Activity: Look below for the line that contains "2.3.4. FMRFamide-lir Distribution" and the line that contains "Theo thông tin", then restate both of them and every line in between, exactly. No picture goes in the copy.

Material for this exercise:

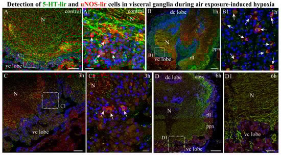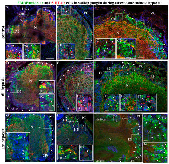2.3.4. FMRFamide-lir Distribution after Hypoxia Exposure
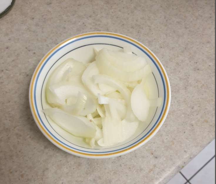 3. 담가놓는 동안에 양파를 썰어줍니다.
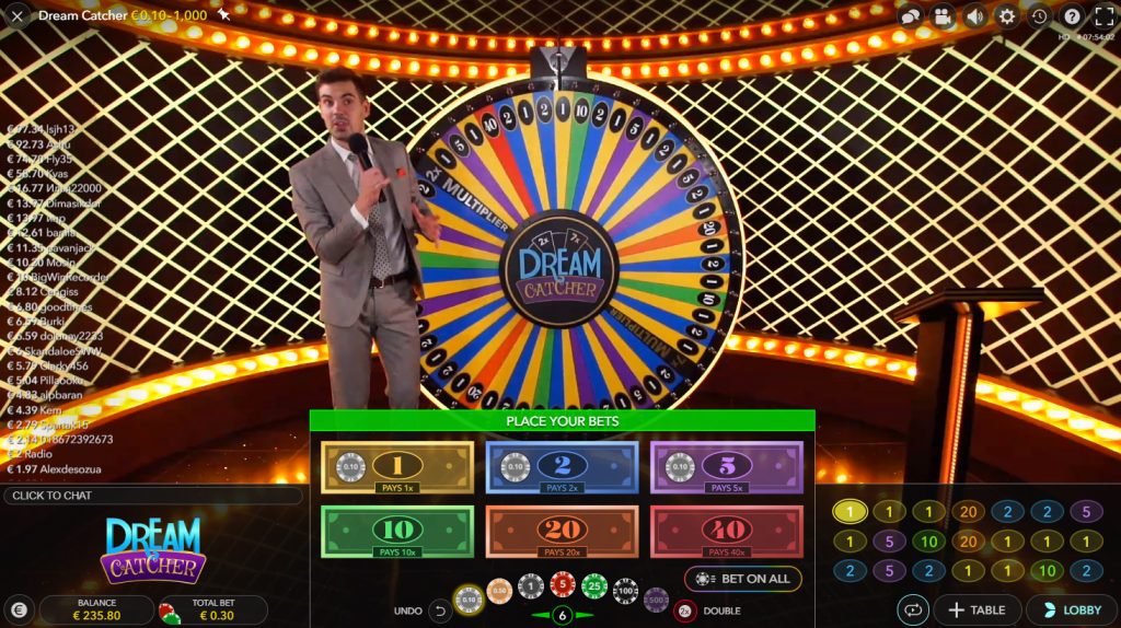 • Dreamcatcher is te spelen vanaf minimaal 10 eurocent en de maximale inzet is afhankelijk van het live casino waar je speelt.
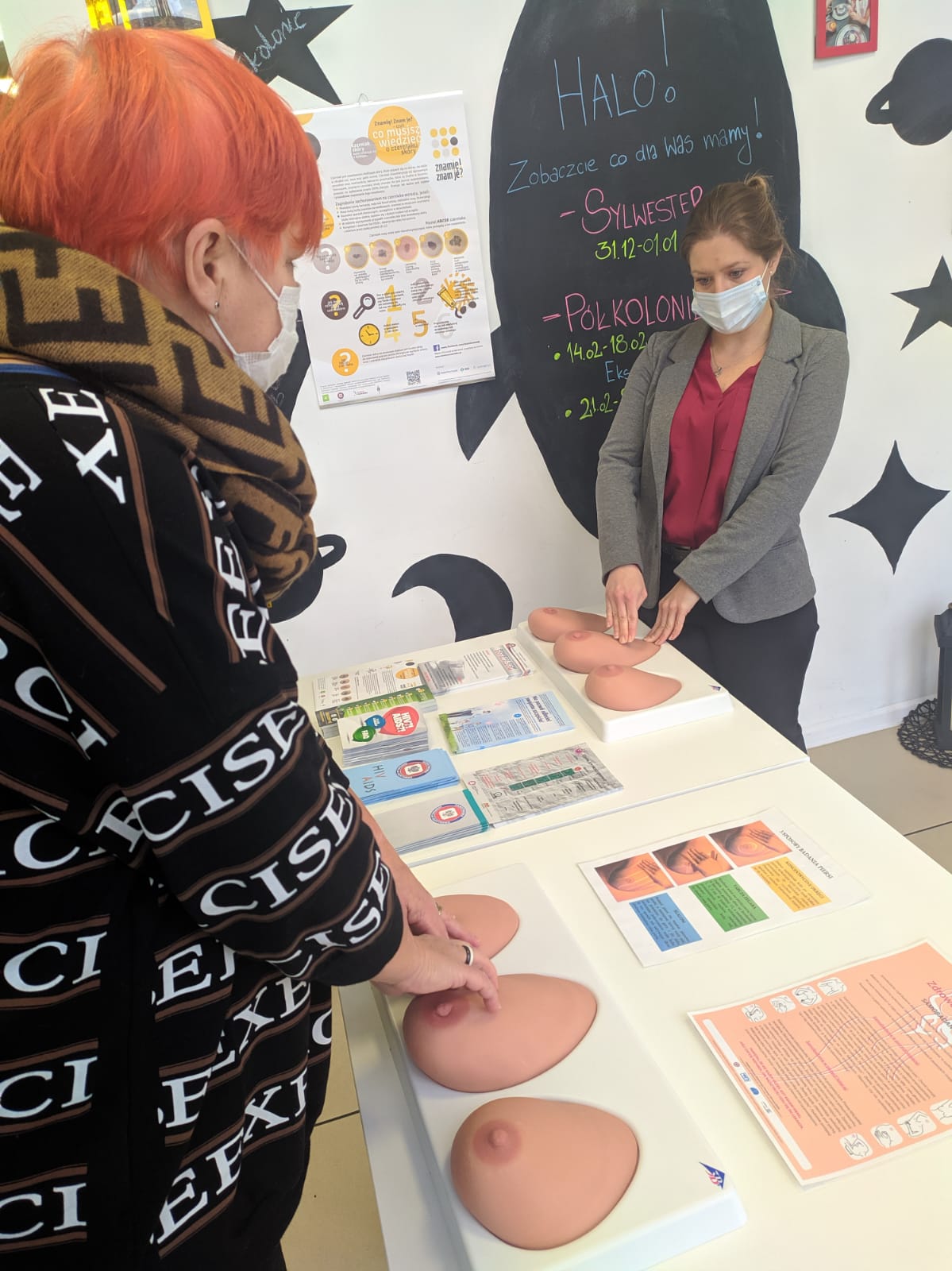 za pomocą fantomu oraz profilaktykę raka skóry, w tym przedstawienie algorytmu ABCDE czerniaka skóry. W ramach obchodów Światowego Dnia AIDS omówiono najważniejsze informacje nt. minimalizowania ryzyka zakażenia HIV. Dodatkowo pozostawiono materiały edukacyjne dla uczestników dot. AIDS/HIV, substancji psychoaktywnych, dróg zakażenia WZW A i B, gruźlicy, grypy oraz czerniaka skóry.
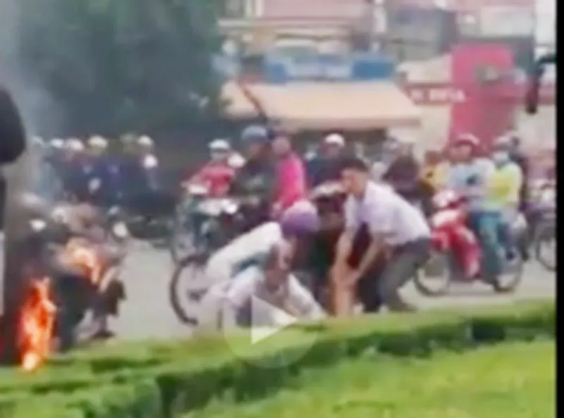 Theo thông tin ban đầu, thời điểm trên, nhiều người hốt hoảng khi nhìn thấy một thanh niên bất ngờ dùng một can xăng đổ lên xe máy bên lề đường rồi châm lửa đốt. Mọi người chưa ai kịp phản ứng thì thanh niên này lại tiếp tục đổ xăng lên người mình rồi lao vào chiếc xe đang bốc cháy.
--
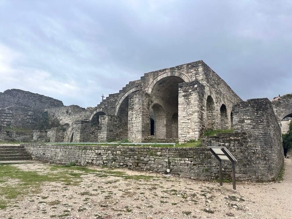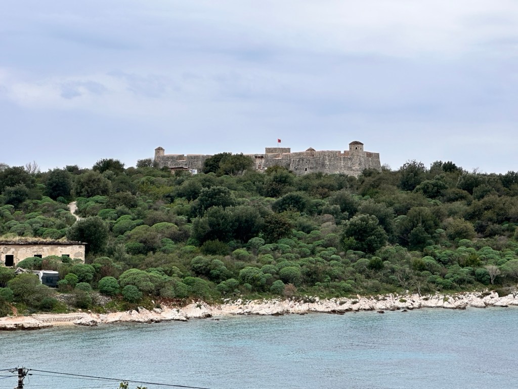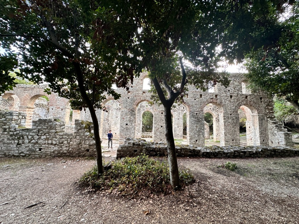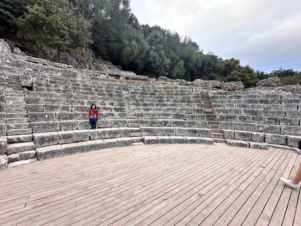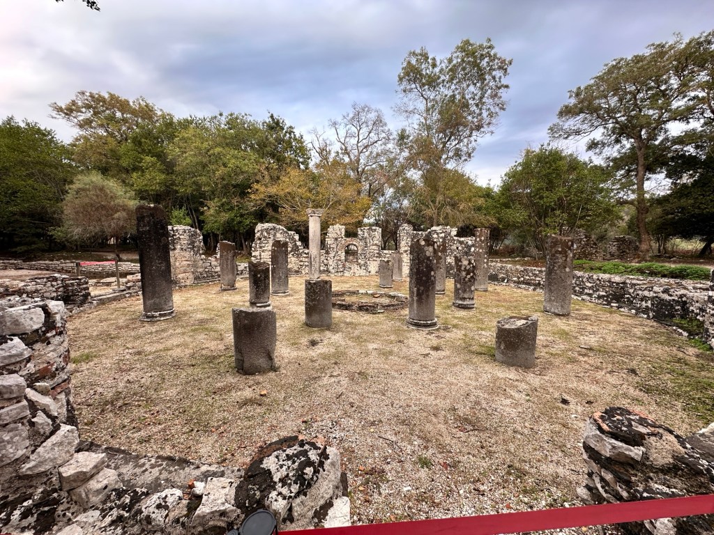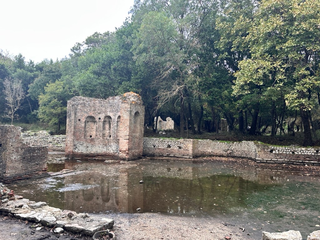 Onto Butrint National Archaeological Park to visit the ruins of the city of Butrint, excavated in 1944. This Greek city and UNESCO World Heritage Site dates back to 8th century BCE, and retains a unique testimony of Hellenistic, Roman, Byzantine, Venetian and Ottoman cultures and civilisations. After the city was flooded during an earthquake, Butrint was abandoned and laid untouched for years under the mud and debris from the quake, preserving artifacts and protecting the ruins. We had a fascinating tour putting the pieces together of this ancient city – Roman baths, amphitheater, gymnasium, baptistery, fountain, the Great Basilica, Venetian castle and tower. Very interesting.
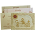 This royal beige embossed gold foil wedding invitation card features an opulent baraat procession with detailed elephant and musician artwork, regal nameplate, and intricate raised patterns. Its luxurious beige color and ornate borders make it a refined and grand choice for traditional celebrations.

Response to the task:
2.3.4. FMRFamide-lir Distribution after Hypoxia Exposure
 3. 담가놓는 동안에 양파를 썰어줍니다.
 • Dreamcatcher is te spelen vanaf minimaal 10 eurocent en de maximale inzet is afhankelijk van het live casino waar je speelt.
 za pomocą fantomu oraz profilaktykę raka skóry, w tym przedstawienie algorytmu ABCDE czerniaka skóry. W ramach obchodów Światowego Dnia AIDS omówiono najważniejsze informacje nt. minimalizowania ryzyka zakażenia HIV. Dodatkowo pozostawiono materiały edukacyjne dla uczestników dot. AIDS/HIV, substancji psychoaktywnych, dróg zakażenia WZW A i B, gruźlicy, grypy oraz czerniaka skóry.
 Theo thông tin ban đầu, thời điểm trên, nhiều người hốt hoảng khi nhìn thấy một thanh niên bất ngờ dùng một can xăng đổ lên xe máy bên lề đường rồi châm lửa đốt. Mọi người chưa ai kịp phản ứng thì thanh niên này lại tiếp tục đổ xăng lên người mình rồi lao vào chiếc xe đang bốc cháy.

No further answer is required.